On top of the dataset, the RedPajama initiative includes released models (LLM model zoo / foundation models), such as base pretrained models and instruction-tuned variants. These models are intended to be used as starting points for downstream fine-tuning, evaluation, and application-specific customization. Enterprises can use these models for tasks such as text generation, classification, summarization, and code-related workloads, either on Together’s infrastructure or in their own environments, depending on licensing constraints described in project materials.

The project aligns with Together’s broader platform (AI platform / model hosting), which offers infrastructure for training and serving large language models. This includes compatibility with standard deep learning frameworks (machine learning frameworks) and support for scalable Graphics Processing Unit (GPU) compute.
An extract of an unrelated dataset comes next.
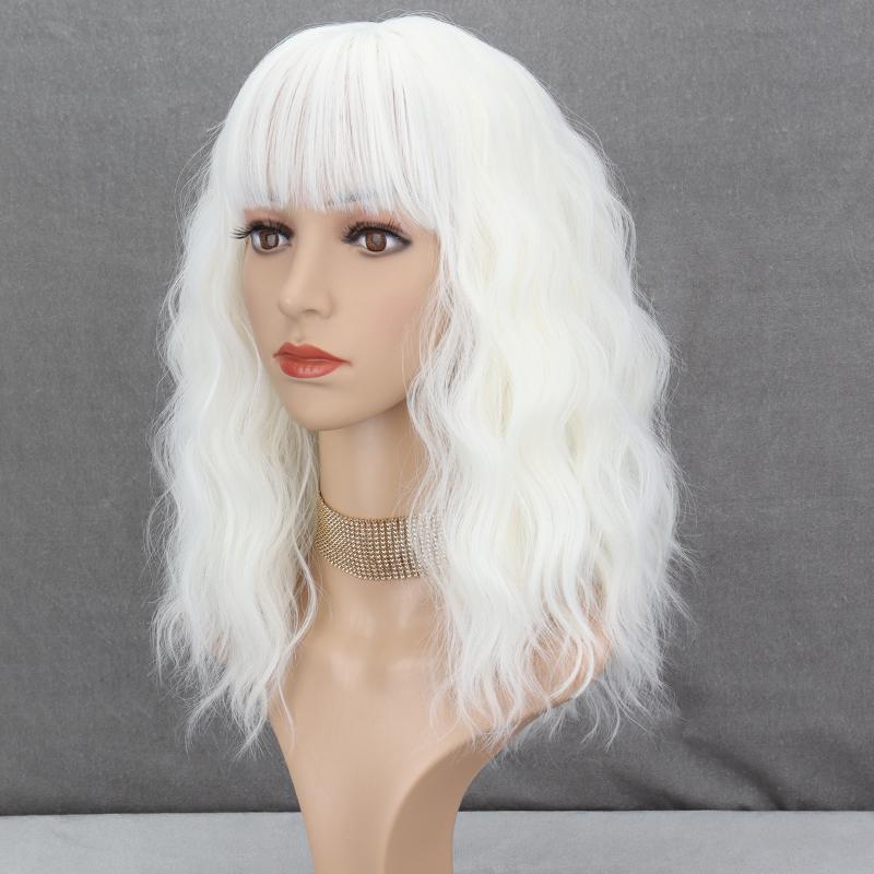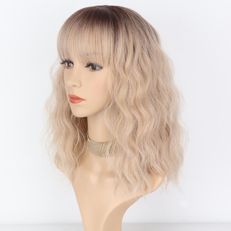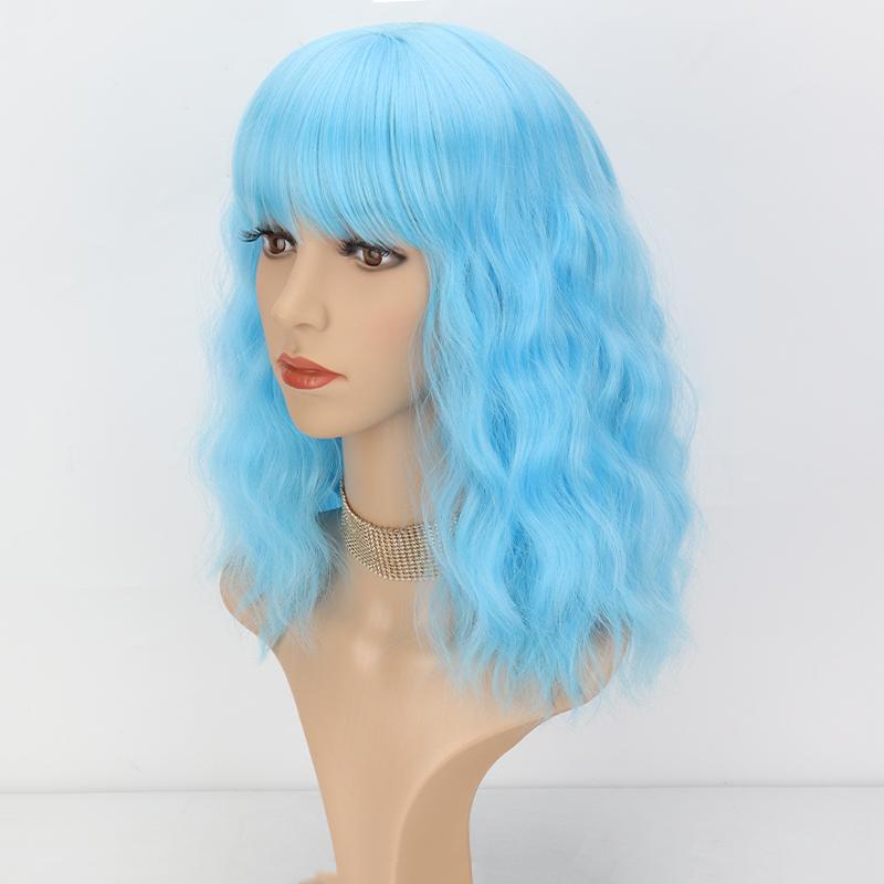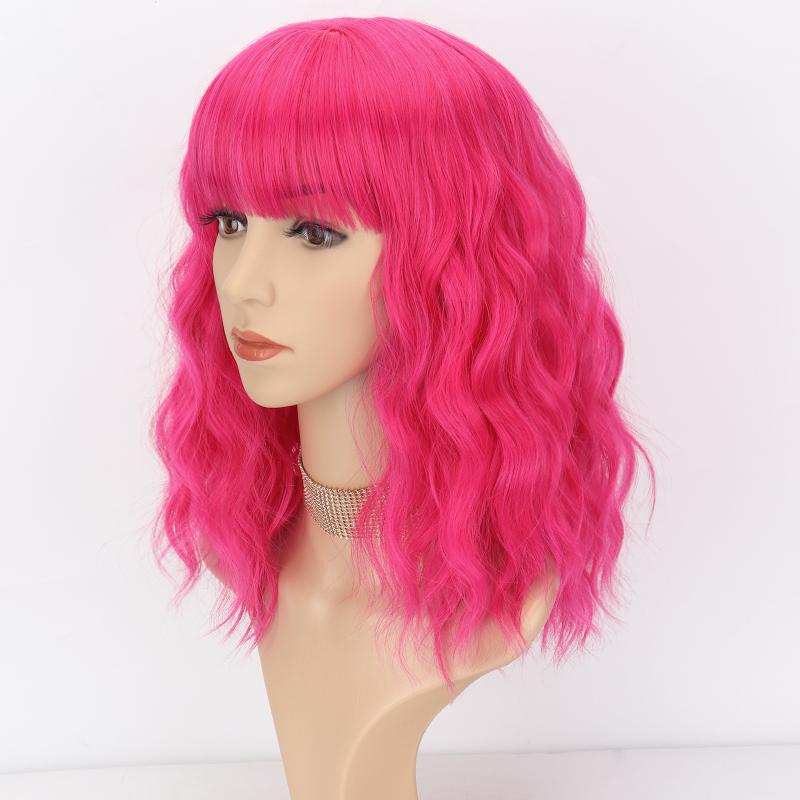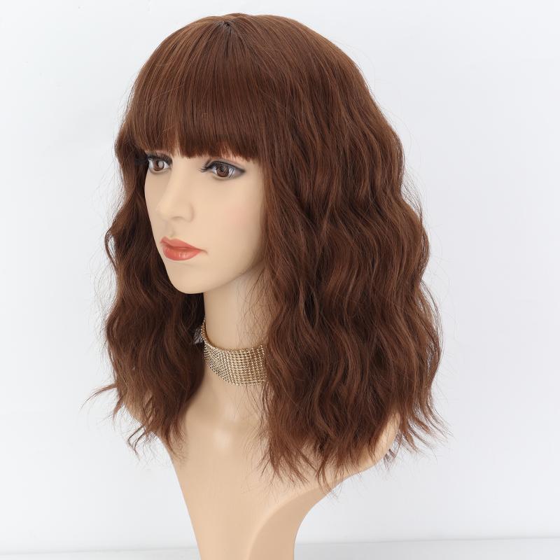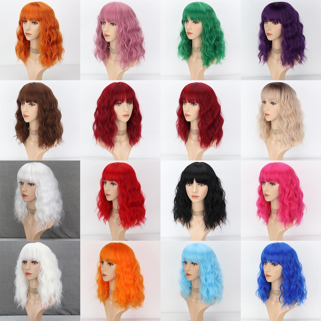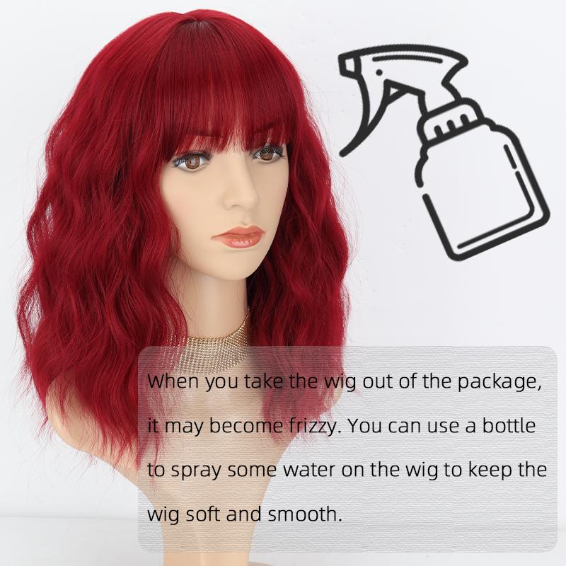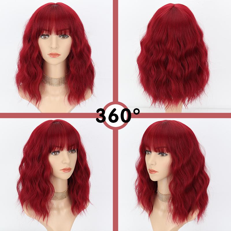 MISS WIG Красное вино, натуральный волнистый парик длиной до плеч с челкой, синтетическое волокно, бордовый для косплея, повседневная одежда, короткий волнистый парик Боб

Organizations can incorporate RedPajama-based models into MLOps pipelines for experimentation, A/B testing, and deployment, leveraging APIs and tools from Together for hosting, monitoring, and scaling inference workloads.

From an enterprise architecture perspective, RedPajama fits in directories under categories such as open LLMs, training datasets, and Artificial Intelligence (AI) infrastructure platforms. The project provides a referenceable dataset recipe, associated base and instruction-tuned models, and a commercial platform context via Together. This combination enables technical teams to evaluate open data and models alongside proprietary alternatives, design reproducible training experiments, and integrate large language capabilities into applications under clearer data provenance and model lineage.